** GIVEN ENTRIES follows **

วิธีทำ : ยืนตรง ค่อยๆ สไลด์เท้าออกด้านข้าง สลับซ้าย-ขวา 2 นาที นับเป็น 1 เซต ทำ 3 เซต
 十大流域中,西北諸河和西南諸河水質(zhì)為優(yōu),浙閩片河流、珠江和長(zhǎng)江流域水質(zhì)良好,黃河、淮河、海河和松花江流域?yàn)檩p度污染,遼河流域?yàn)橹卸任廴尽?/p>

** End of GIVEN ENTRIES **
** GIVEN ENTRIES follows **

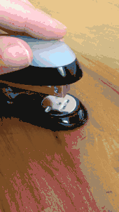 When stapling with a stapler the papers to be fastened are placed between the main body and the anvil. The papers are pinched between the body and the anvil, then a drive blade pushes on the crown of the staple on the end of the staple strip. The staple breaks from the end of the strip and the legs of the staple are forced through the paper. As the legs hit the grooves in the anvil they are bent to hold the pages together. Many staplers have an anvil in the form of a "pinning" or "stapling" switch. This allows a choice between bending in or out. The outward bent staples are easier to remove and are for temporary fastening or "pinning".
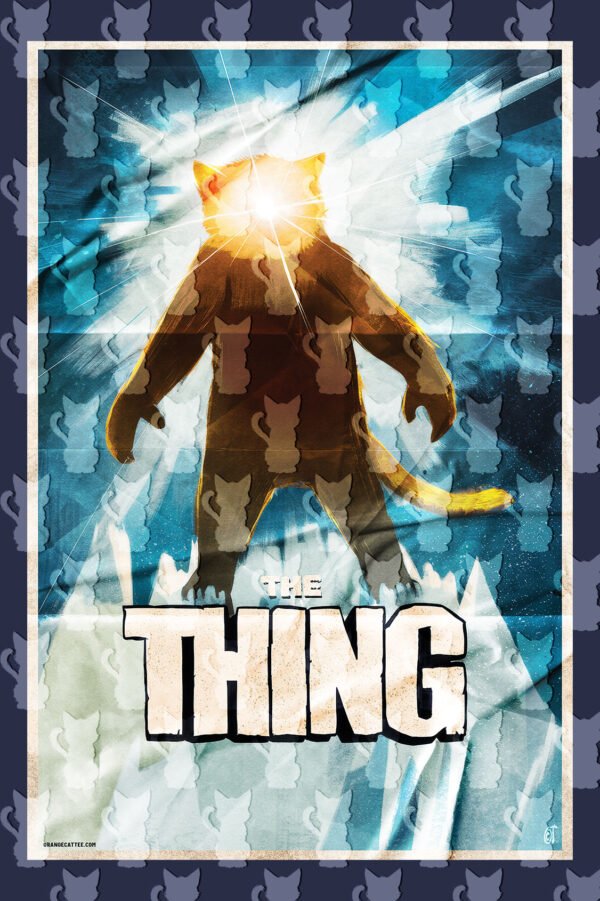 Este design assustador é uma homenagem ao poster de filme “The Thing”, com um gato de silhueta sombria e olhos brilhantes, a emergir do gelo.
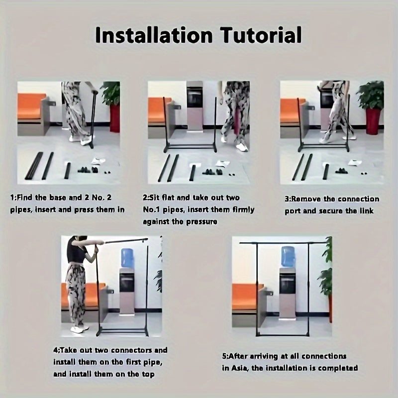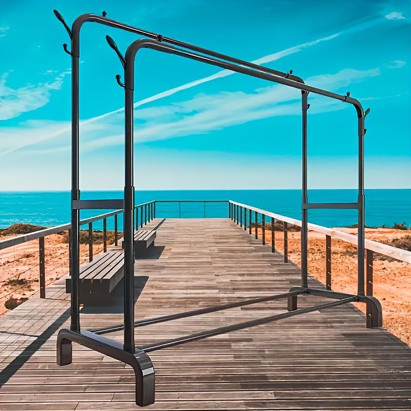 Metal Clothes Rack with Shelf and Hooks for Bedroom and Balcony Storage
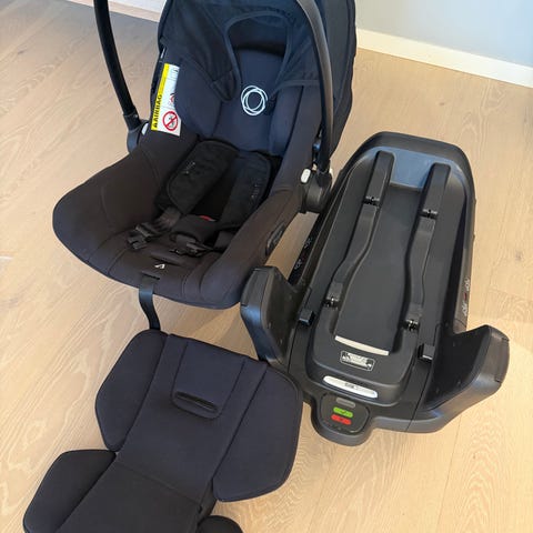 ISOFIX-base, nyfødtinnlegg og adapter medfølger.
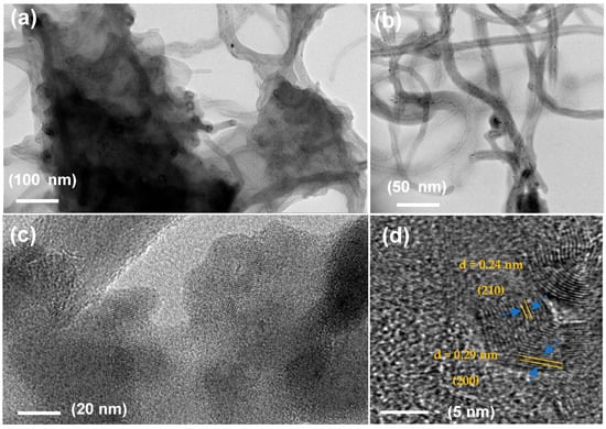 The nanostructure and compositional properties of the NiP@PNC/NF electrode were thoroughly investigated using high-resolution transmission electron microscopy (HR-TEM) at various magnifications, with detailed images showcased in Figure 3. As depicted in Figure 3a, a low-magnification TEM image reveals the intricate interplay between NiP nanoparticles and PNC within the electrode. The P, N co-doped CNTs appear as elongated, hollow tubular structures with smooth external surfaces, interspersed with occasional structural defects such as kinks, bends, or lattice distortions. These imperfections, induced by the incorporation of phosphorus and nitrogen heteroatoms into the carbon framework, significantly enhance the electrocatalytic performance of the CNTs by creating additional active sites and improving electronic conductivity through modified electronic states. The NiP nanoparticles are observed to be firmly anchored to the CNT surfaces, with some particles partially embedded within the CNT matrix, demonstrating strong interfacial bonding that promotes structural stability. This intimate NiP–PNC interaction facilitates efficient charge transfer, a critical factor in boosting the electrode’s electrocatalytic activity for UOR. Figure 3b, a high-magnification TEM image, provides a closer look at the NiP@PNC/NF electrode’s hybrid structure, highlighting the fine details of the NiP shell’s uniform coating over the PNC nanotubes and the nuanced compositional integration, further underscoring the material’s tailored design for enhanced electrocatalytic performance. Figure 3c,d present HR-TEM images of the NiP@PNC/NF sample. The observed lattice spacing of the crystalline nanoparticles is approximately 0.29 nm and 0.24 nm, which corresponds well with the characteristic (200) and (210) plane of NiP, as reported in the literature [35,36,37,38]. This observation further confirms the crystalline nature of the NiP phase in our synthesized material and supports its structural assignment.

** End of GIVEN ENTRIES **

_YOUR GOAL_
Extract, without any images, the part of the material above that opens with the line containing "Este design assustador" and closes with the line containing "ISOFIX-base, nyfødtinnlegg og", both lines included.

_TASK OUTPUT_
 Este design assustador é uma homenagem ao poster de filme “The Thing”, com um gato de silhueta sombria e olhos brilhantes, a emergir do gelo.
 Metal Clothes Rack with Shelf and Hooks for Bedroom and Balcony Storage
 ISOFIX-base, nyfødtinnlegg og adapter medfølger.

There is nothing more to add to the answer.